This demands a focus on what this book defines as a ‘populism-as-context’. This constitutes, so to speak, a problematic defined by the ‘zeitgeist’: the political-cultural climate of our time, which impresses its own changing pattern upon the political life of whole national or even transnational communities…Then we will seek to define the other level of populism, what we could consider its – less generic, better-delimited – ‘inner circle’. This is what we could define as ‘populism-as-project’: the populism embodied in a more recognisable ‘political subject’ endowed with its own ‘political culture’ and which works not only to give voice to protest, but also to contend for government (and the exercise of power).”

This is a beginning that will be fleshed out further through the book. Populism as mood and as context, and then populism as project. I like this distinction, this allows attention to be paid to broad social forces as well as to those who work powerfully to shape and channel popular discontent into very specific forms. With the shifting of mass and social media, this is a visible process.

Characteristics of Populism

Revelli identifies three characteristics by which populism is defined: 1) idea of an entity known as ‘the people’, 2) who stand in opposition to the abuse or betrayal of a ‘them’, 3) who are working for an upheaval, a levelling to restore the will of ‘the people’.

A little more on each of these. First:

the supreme, paramount centrality assumed therein by the reference to the people, understood in its ‘warm’ dimension as a living community, almost a sort of pre-political and pre-civic entity, a Rousseauian ‘natural state’. An organic entity, which thus does not allow distinctions within its ranks – for they would be seen as damaging and reprehensible divisions. … a vertical one in which the logic of ‘above and below’ instead prevails. Indeed, in this spatiality, the protagonists in the conflict belong to different levels and, in some senses, opposed and self-referential life-worlds.

Second:

the idea of betrayal: with some abuse, some undue misappropriation, some conspiracy organised at the expense of the honest citizens. This conforms to a style of thinking that reframes conflict not only in political or social terms but also, primarily, in ethical’ ones: as the moral counterposition of the righteous and the ungodly, the honest and the corrupt, ‘ours’ and ‘theirs’… “connected to some moral construction of the antithetical ‘other’, in the conflict in which the constitutive values of the community of reference are ultimately revealed.”

Third:

the imaginary of upheaval: chasing out the usurper-oligarchy – i.e., removing the ‘foreign body’ – and restoring a popular sovereignty that is finally recognised. This sovereignty is no longer exercised through the mediation of the old representative institutions, but thanks to the action of the leader (who tends to be a charismatic leader or in any case emotionally linked to ‘ordinary folks”
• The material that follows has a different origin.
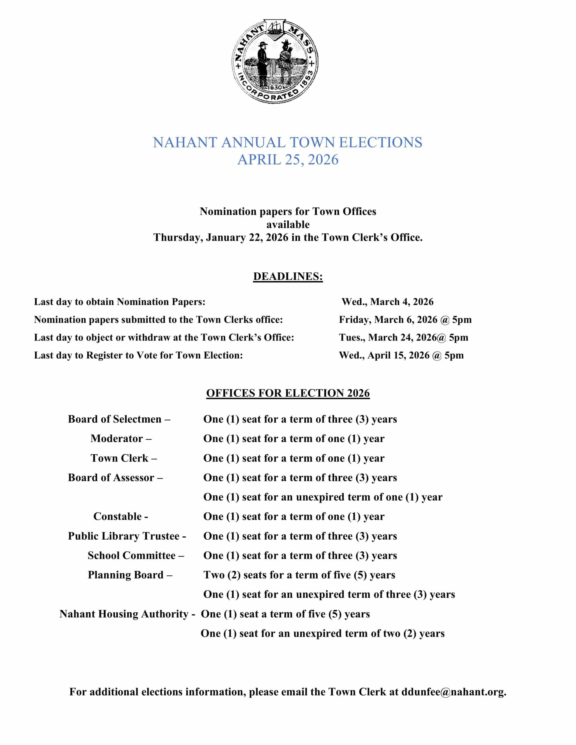 ANNUAL TOWN ELECTION – SATURDAY APRIL 25, 2026
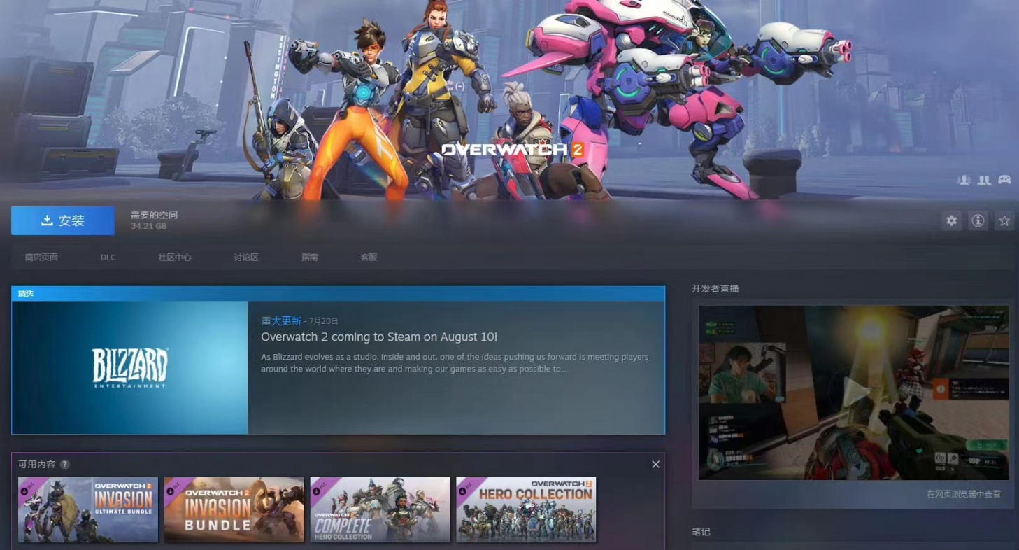今日,Steam平台上备受期待的《守望先锋2》正式免费解锁,同时推出了第六赛季和名为“入侵”的大型更新。这个版本的整体大小为34.21GB,玩家可以直接下载并开始游戏。

Where these three characteristics exist, there continued to be the distinction made earlier between populism as context and populism as project:

populism as a generic (and generalised) mood – attached to a still-vague attitude of distance from, and hostility toward, institutional actors and the establishment – and, on the other hand, populism as a true and proper political culture unto itself, determined to seek power in a strategic manner, on the basis of a specific political programme. With this second, less generic sense of populism, awareness has grown of the sharp divergence in the various ‘souls’ of this phenomenon. Or, if you prefer, between ‘political families’ that are so distant from one another (and essentially, counterposed) that they can no longer be brought together under the same term.”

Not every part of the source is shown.